Младыш закрыл глаза ладонями.

Никоарэ шагнул к нему и, взяв за подбородок, резко приподнял его голову и заглянул ему в лицо, в заплаканные глаза.

— Скажи мне теперь, помнишь ли ты свой долг и клятву, связавшую нас? Коли не помнишь — ты свободен. Иди!

Младыш рухнул на колени.

— Прости меня, батяня Никоарэ! Поступлю, как ты велишь.

Гетман провел рукой по каштановым его кудрям, затем отвернулся и принялся шагать от стола, на котором разложены были свитки Гелиодора Эмессийского, до высокой изразцовой печи, где в нише лежал пучок сушеницы, бессмертного цветка днепровских утесов.

Гетман остановился рядом с меньшим братом, смиренно стоявшим на коленях.

— Александру, — проговорил он, — хорошенько обдумай свои слова.

— Батяня Никоарэ, — воскликнул Младыш, устремив на него горящий взгляд. — Да погибну я тут на месте, коли не послушаюсь твоего повеления.

— Повеление не мое, добрый молодец.

— Верно, батяня, — простонал Александру, схватив руку брата, и коснулся губами перстня Иона Водэ.

В это самое мгновение ветер, посланец днепровских водоворотов, рванул занавески открытого окна.

— Меняется погода, — послышался на дворе голос Симеона Бугского, пчелки домой спешат, нечего мне рой сторожить.

— Кыш! Кыш! — вопили богомольные вдовицы, отгоняя коршуна, который, распластавшись в небе, плыл над двором, похожий на серый крест из двух дощечек.

Гетман опустил раму и вышел на заднее крыльцо, обращенное на запад.
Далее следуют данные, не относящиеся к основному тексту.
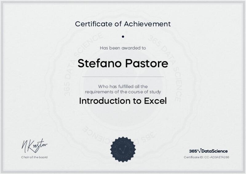 This user has been awarded the Introduction to Excel Certificate for successfully completing the course exam. Holding this certificate demonstrates their proficiency on the topic and signifies they are qualified to apply their newly acquired expertise in the fields of data analytics and data science.

Дед Петря сердито тащил по траве бурку, остановился на дворе и посмотрел вверх. Из-за Днепра быстро надвигались черные тучи.

Бурка волочилась за стариком Петрей, словно какой-то зверь, преследовавший его по пятам. Старик обогнул дом и вышел к отвесному обрыву. По степи с востока к скалам Черной Стены несся смерч, рождающийся в полуденный зной среди поемных лугов; он был похож на воронку с широко открытой к небу чашей и с хоботом, нащупывавшим то воду, то пыль. Змий этот, извергавший через верхний край воронки то, что он втягивал снизу, мчался к Черной Стене, но вдруг, изменив свой извилистый путь, двинулся вверх по Днепру и, сбросив у берега потоки воды и грязи, затих.

Обе старицы-вдовицы испуганно крестились и громко читали молитвы об избавлении мира от подобного бедствия. Но черные тучи, что громоздились горой и неслись по следам змия, не посчитались ни с молитвами, ни с крестным знамением, ни с восковыми свечами, затепленными перед киотом. Они боднули небесную твердь громадными рогами, закрыли солнце, и, посыпались из них вместе с коротким ливнем градины величиной с голубиное яйцо. Потом град прекратился, как будто еще не наступил для него урочный час, и на жаждущие поля обрушился ливень. Поначалу с неба низверглись бурные потоки, а затем остановились ветры и полил чистый дождь, по которому тосковали гречиха, бобы и ячмень.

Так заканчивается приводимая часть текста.